As a bastion of the British establishment the National Trust and its vast estate might seem impervious to the unpredictable pressures of the modern world.

But on a regional visit to Norfolk yesterday, trust director-general Fiona Reynolds said that the pernicious threat of global warming was already changing the face of its 300 historic buildings and gardens.

As she toured the imposing Tudor turrets and manicured gardens of Oxburgh Hall, in Oxborough, near Swaffham, the signs lay all around her.

The purple ageratum that had bloomed at the hall for decades died out in the blistering heat of August last year and has been replaced with a hardier variety, while the hall's small medieval guttering can no longer cope with the intensity of modern downpours.

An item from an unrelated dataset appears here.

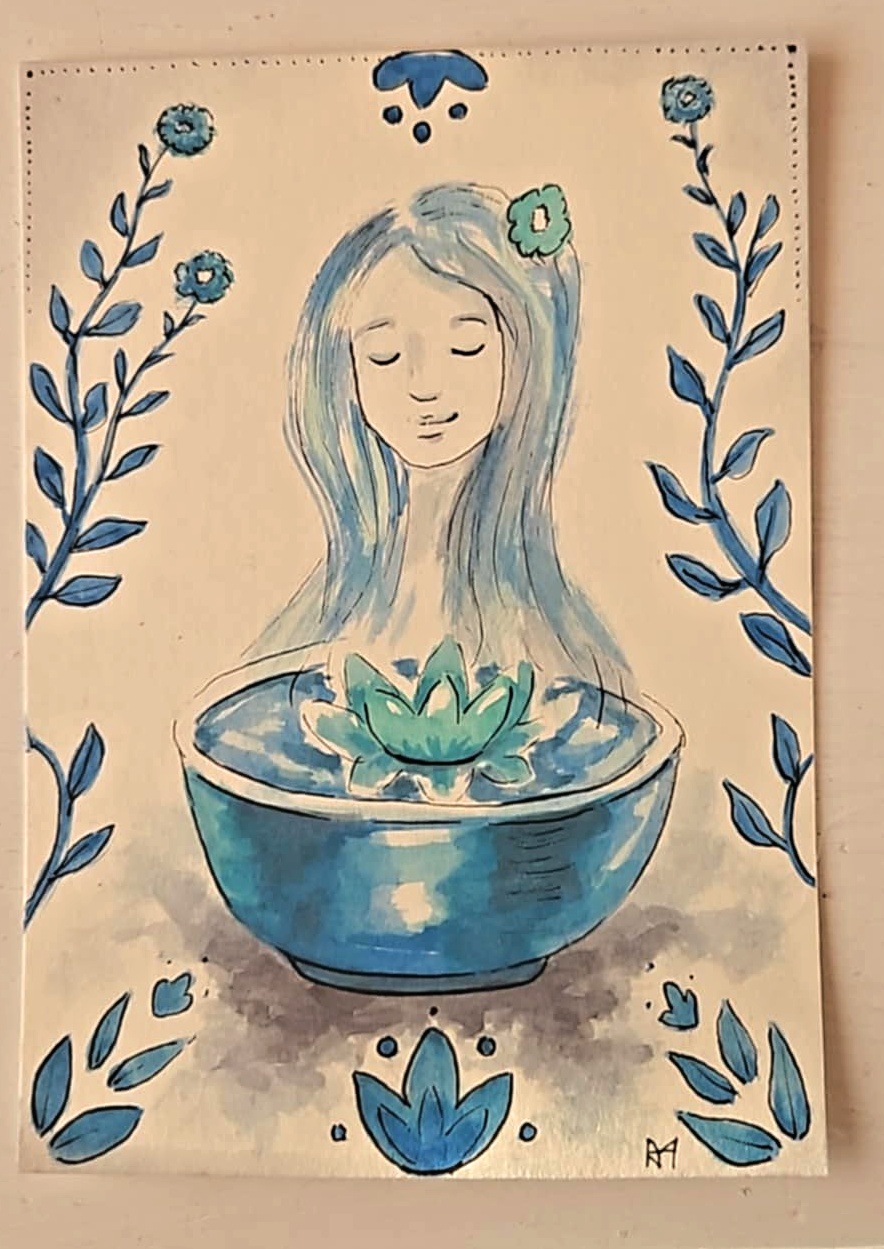 Pohlednice Bohyně čaje zobrazuje tichý archetyp ženské přítomnosti, která bdí nad okamžikem ztišení, nad rituálem čaje a nad prostorem mezi myšlenkami. Jemná tvář vystupující z páry nad šálkem připomíná, že i obyčejný každodenní úkon se může stát posvátným, pokud mu věnujeme plnou pozornost.

Mrs Reynolds said it was impossible for the trust to "freeze" its estate in time and that its role today is to help manage this inevitable change as best it could.

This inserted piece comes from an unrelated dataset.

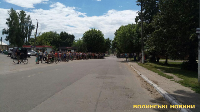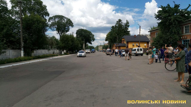 Люди стоять уздовж дороги, зустрічаючи поважного гостя.

"The challenge is meeting our promise to look after the premises forever for everyone and we really need the public support to be able to do that," she said.

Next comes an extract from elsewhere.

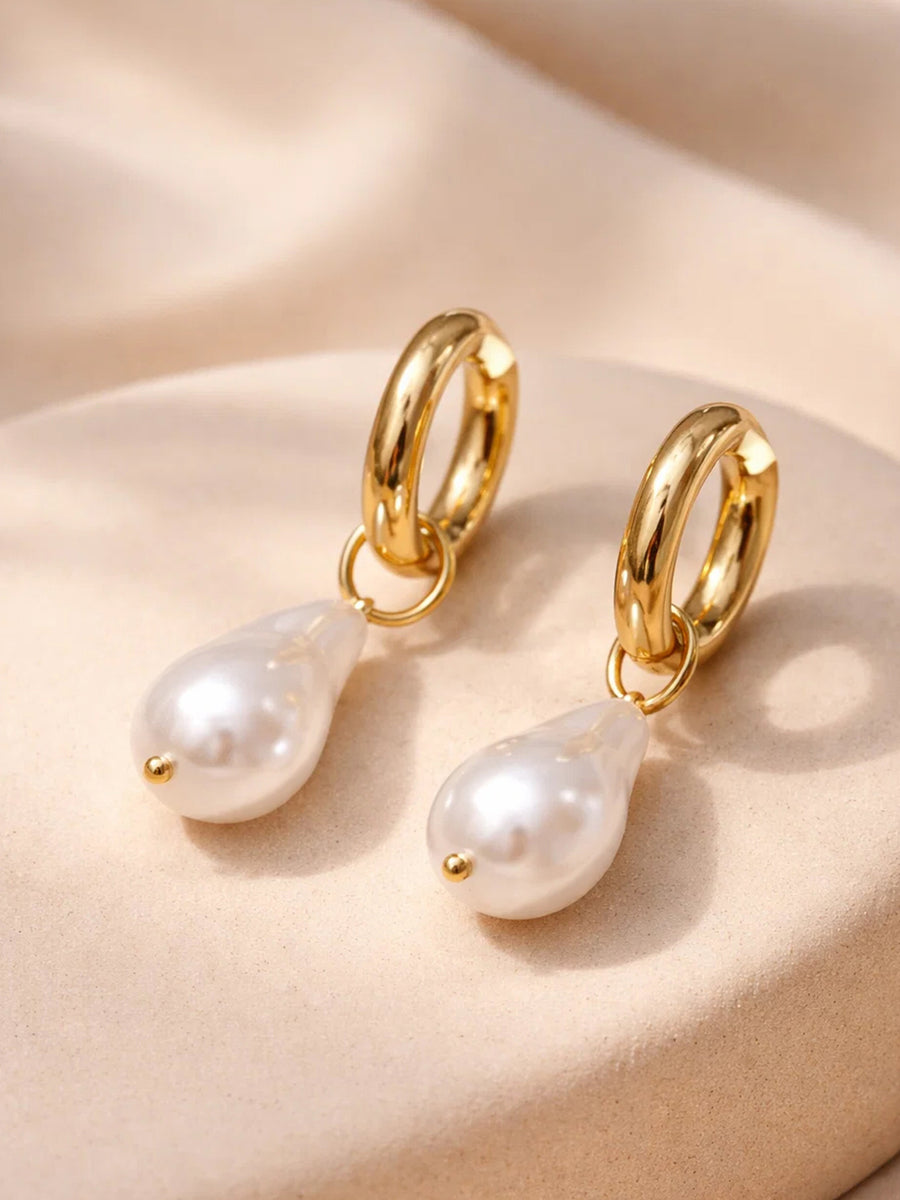 Demi Fine 18K Gold Plated Baroque Pearl Drop Hoop Earrings | Anti Tarn ...

"But we also live in a changing world and climate change is a very important factor that poses a big problem for the whole trust. Last year some of the planting at the hall died off and you have small medieval guttering that cannot cope with the intense rainfall these days.

"Across the trust we're asking things like 'Will the lawns be able to last all summer?' and how can you keep things looking the same in the face of changing seasons, increased coastal erosion and flooding?

"People come year after year and expect to see things not changing. The challenge is saying to them that conservation is about the management of change and not freezing things as they are."

The trust's roots lie in the county. Blickling Hall was the first property to come to the trust in 1940, and today, as well as managing stately home estates Sheringham Park and Felbrigg Hall, it owns a 10,000-acre swathe of countryside, shingle banks, marshes and sand dunes across the north Norfolk coast.

With 200,000 members in the East of England Mrs Reynolds said its holdings in Norfolk embodied the diversity of the trust's national portfolio of grand homes and sweeping countryside.

"For me Norfolk's diversity really encapsulates what the trust is about, from country manor houses and gardens such as this, to huge areas of beautiful open countryside," she said.

The trust recently completed a £1m visitors' centre at Sheringham Park and is looking at ways of improving public access to Blickling Hall and its estate.

Norfolk has 659 medieval churches, more per square mile than anywhere in the world.

But despite the difficulty faced by communities and diocese in meeting the cost of preserving and keeping these historic treasures open, Mrs Reynolds said it was not the role of the trust to intervene.

"We offer help and support to the various diocese and church preservation groups but we respect the fact that there are already existing institutions and the church belongs to the local community," she said.

She said that visitor numbers across the country were on the increase and the trust had got off to a great start this year with strong numbers at Easter.